The land around me is drained of life. The trees are hunched bones, and look as ancient as the world itself; the breeze touches them, bites at them and takes out motes of white dust that weep away into the air. Their bark is rotten beyond rotting.
The ground under my leather boots is cracked. Spidery fissures in the dry earth, that widen as I go on, that sometimes become dark pits and deep holes. That become rivens in the ground large enough to swallow me. I tread real careful and slow, as the fog is heavy and good at disguising anything under it. Whisps of mist have given way to a constant breath of green: a heavy shawl that covers the forest and hides the holes beneath me.
There is a stream to my side. Was a stream. Now, like the rest of the forest, it is dead. The water is a black sludge that barely moves, but bubbles like lava and stinks like raw-sewage.

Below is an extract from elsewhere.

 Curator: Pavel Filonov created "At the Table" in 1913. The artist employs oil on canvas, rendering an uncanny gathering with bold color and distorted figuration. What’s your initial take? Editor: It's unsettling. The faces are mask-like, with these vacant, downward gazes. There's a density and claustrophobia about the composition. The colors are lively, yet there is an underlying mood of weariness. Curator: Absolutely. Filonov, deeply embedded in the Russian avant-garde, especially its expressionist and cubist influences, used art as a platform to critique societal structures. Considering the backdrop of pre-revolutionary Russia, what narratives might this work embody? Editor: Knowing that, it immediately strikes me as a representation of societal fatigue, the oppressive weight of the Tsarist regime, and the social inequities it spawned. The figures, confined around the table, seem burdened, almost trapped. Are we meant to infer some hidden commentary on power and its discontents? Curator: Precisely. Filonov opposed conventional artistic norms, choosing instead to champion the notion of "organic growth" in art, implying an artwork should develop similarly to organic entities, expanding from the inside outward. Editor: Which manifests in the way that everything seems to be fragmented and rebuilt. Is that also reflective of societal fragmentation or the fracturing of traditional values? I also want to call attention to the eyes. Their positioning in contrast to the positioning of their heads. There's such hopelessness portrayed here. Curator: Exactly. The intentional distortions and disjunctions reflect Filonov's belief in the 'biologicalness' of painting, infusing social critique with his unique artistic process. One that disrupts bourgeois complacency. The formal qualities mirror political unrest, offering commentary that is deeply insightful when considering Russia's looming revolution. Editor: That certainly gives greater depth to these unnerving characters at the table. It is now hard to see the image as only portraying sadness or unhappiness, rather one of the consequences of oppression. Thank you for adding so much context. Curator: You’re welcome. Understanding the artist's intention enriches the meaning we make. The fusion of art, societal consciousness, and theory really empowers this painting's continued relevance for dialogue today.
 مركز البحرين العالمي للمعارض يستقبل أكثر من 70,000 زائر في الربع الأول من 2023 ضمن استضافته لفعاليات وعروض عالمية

I had been looking for the stream for hours, a tiny pen mark on my map, as following it will lead me most of the way to the center of the plague -- and perhaps to its cause.
I follow its serpentine path that winds me deeper into the fog.
Deeper into the dead forest.
Sometimes I think I see eyes in the mist. Distant, half-hidden behind trees. Like red fireflies, or the distant embers of cigarettes.
The stars though, somewhere above me, I never see. Even in the day time, the sun rarely makes it through the black canopy, or else the fog itself.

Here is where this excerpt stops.